In this world, firms will stop being reactive. The idea of waiting for a client to approach the firm before working on a matter will be unthinkable. Legal engineers will build engines based on legislation and firm sales associates (or Partners) will pitch those engines to potential clients.

Is this Science Fiction?

Simply put: computers process information more consistently, accurately, and faster than people do. They are networkable, scalable, and manageable in large numbers by relatively few administrators. If I am right in my assessment that what we actually sell to clients is Legal Processing, then no, this is not science fiction. In order to compete in an exponentially changing industry, we will have to move the bulk of our processing from biological to digital processing units.

If Diamandis’ exponential framework is correct, then we are approaching a digital disruption that will fundamentally change our industry forever. The players will change. New firms will quickly morph from newcomers into industry leaders. Many of the old guard will fail to change and will subsequently fail entirely. And a few will probably stick around, doing things much as they always have for a very select, demanding, and equally slow to change clientele. At least until those clients also get disrupted.

Whether or not I am right about what we sell, or that the framework directly applies to the legal industry, is almost irrelevant. The 6 Ds Framework provides a useful model for imagining the kinds of changes that could take place in our industry, based on the kinds of technological changes that have already upended other industries.

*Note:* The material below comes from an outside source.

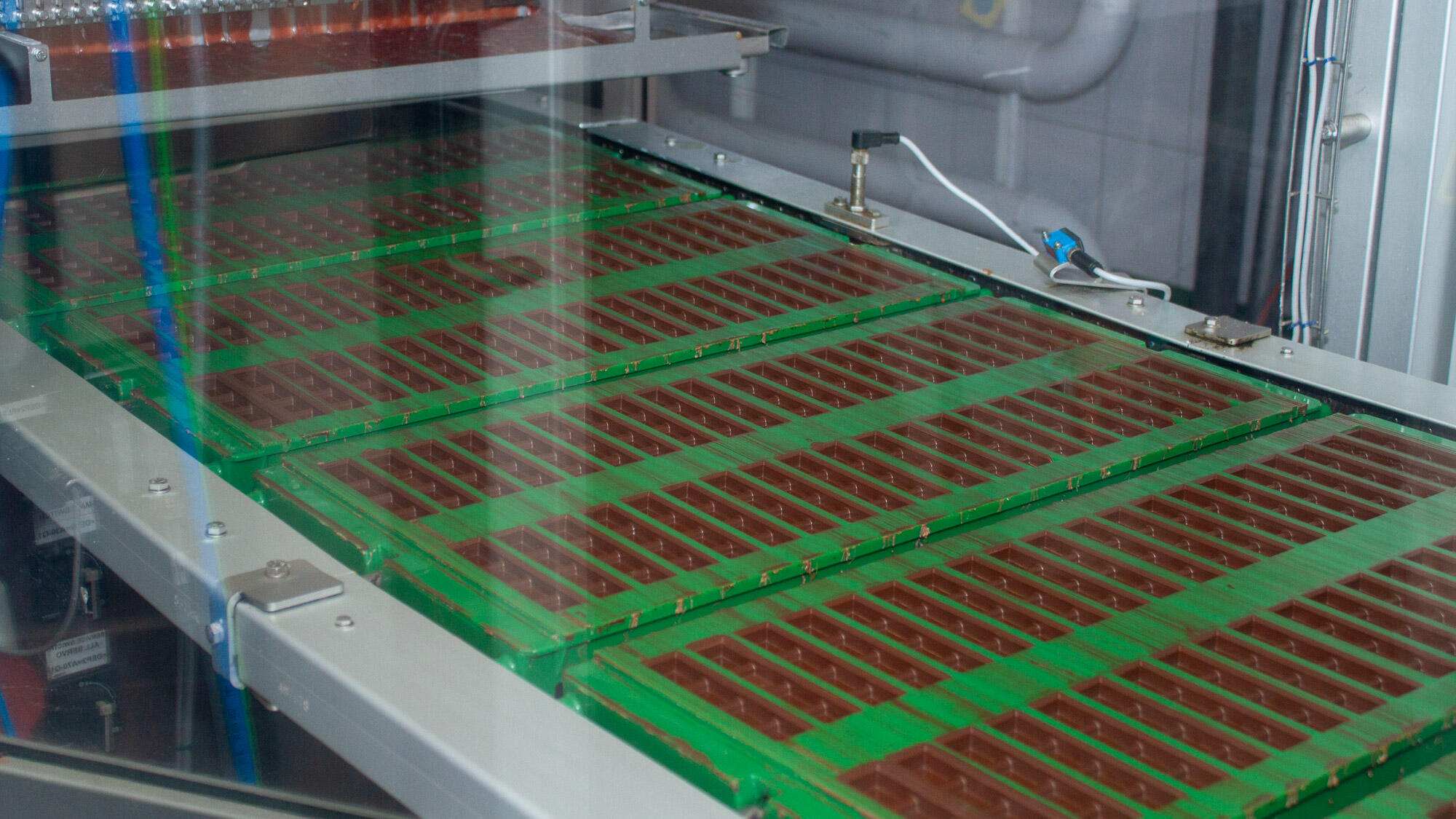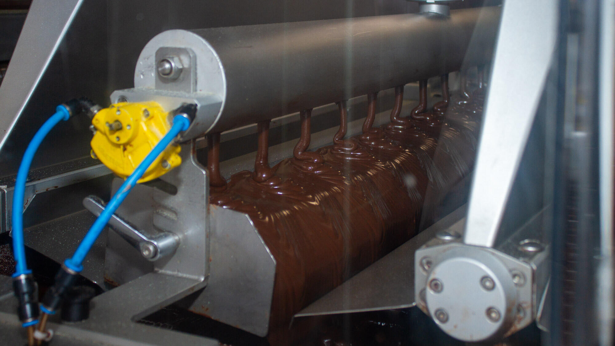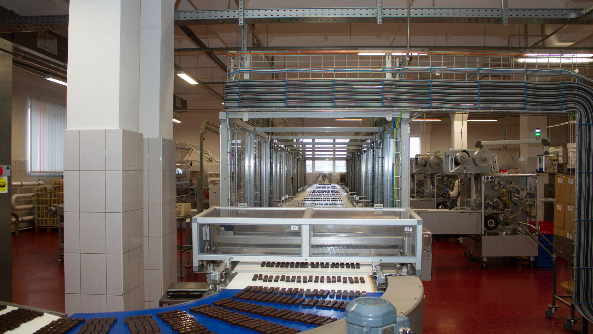 Какао-бобы в Беларуси не растут, но все остальные ингредиенты – местного производства. За прозрачным стеклом – дозирующая станция, аккуратно распределяющая шоколад в подогретые формы. Температура шоколадной массы – около 30 °C. Затем в теплый шоколад погружается поршень, охлажденный до –23–25°C. Перепад температур достигает 53–55 °C! За счет этого шоколад мгновенно застывает. Раньше этот процесс занимал 30–40 минут, а теперь – всего секунду!

The only thing of which I am absolutely positive is that both lawyers and IT personnel, as a general rule, do not think much beyond the next immediate hurdle. They approach the world linearly, solving problems as they arise, and planning for a steady progression of linear events. But if we are already on a path of exponential change, then our standard linear approach to managing firms will be our demise. A purely linear response to an exponential threat is the equivalent of no response at all.